Judge Emmet Sullivan has appointed former U.S. district judge for the Eastern District of New York, John Gleeson to argue against the dismissal of the Justice Department's case against Mike Flynn. According to the second paragraph of the filing, Sullivan directs Gleeson to address whether Flynn should be held in criminal contempt for perjury, one lawyer pointed out.
Sullivan appoints retired judge John Gleeson to argue against the dismissal of the Flynn case. https://t.co/gDR0Wfwtlj— southpaw (@southpaw)1589409703.0
The nomination of Gleeson is an interesting choice, because in an editorial for the Washington Post just days ago, Gleeson explained that the case wasn't over simply because the DOJ dropped the charges.
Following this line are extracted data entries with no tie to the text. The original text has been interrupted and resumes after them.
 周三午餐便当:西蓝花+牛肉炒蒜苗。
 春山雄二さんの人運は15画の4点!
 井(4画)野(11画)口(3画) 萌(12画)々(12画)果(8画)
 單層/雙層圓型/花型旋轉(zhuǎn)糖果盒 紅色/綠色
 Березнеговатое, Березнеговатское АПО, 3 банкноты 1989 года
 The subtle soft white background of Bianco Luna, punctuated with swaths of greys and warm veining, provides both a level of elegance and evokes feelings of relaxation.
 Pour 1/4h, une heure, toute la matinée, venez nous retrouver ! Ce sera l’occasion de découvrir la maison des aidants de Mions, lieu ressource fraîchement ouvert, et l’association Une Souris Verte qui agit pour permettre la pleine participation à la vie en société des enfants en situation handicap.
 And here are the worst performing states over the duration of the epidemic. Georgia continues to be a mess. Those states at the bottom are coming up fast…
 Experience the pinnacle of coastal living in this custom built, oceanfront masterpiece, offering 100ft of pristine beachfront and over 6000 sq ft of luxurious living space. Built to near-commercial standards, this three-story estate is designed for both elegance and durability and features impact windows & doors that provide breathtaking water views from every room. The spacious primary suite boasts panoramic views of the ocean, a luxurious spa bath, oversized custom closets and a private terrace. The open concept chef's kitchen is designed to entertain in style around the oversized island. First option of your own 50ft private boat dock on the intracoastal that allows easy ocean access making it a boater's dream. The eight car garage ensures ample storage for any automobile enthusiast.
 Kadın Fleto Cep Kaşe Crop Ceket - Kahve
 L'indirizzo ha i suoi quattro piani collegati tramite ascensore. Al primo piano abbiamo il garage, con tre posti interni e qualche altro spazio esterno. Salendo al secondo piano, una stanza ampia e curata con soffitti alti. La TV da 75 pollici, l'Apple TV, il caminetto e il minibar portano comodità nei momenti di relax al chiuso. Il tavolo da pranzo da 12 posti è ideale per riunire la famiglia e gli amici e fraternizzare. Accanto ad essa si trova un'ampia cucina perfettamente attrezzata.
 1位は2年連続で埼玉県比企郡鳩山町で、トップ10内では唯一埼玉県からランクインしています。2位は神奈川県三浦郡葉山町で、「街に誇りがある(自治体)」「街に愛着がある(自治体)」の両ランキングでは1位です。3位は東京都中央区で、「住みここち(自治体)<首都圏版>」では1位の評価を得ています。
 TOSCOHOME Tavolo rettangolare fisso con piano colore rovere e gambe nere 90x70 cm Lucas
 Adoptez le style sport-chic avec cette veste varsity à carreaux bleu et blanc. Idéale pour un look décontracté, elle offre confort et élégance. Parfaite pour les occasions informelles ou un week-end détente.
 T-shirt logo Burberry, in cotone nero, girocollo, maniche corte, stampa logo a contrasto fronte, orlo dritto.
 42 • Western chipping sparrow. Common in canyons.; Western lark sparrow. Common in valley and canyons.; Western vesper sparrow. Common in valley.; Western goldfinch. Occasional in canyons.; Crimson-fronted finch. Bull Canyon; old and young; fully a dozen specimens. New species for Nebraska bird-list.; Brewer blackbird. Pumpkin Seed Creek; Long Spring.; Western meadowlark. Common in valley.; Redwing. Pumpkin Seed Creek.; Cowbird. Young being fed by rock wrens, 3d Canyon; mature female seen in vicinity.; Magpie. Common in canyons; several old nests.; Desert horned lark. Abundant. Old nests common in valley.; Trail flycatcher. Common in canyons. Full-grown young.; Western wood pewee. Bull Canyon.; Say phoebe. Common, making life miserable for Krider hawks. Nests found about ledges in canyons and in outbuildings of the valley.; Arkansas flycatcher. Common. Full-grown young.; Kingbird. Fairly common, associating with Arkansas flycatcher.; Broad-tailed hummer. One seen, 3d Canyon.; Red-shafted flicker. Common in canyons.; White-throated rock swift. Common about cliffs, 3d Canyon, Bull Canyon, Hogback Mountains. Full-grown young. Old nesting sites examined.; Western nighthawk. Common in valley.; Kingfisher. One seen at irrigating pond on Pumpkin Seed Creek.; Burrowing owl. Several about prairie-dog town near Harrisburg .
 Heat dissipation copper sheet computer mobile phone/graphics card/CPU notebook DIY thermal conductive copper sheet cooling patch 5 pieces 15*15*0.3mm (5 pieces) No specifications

"The Justice Department’s move to dismiss the prosecution of former national security adviser Michael Flynn does not need to be the end of the case — and it shouldn’t be," wrote Gleeson along with acting Attorney General for the criminal division David O'Neil and former assistant DA Marshall Miller. "The Justice Department has made conflicting statements to the federal judge overseeing the case, Emmet G. Sullivan. He has the authority, the tools and the obligation to assess the credibility of the department’s stated reasons for abruptly reversing course."
"The department’s motion to dismiss the Flynn case is actually just a request — one that requires 'leave of the court' before it is effective," the editorial continued. "The executive branch has unreviewable authority to decide whether to prosecute a case. But once it secures an indictment, the proceedings necessarily involve the judicial branch. And the law provides that the court — not the executive branch — decides whether an indictment may be dismissed. The responsible exercise of that authority is particularly important here, where a defendant’s plea of guilty has already been accepted. Government motions to dismiss at this stage are virtually unheard of."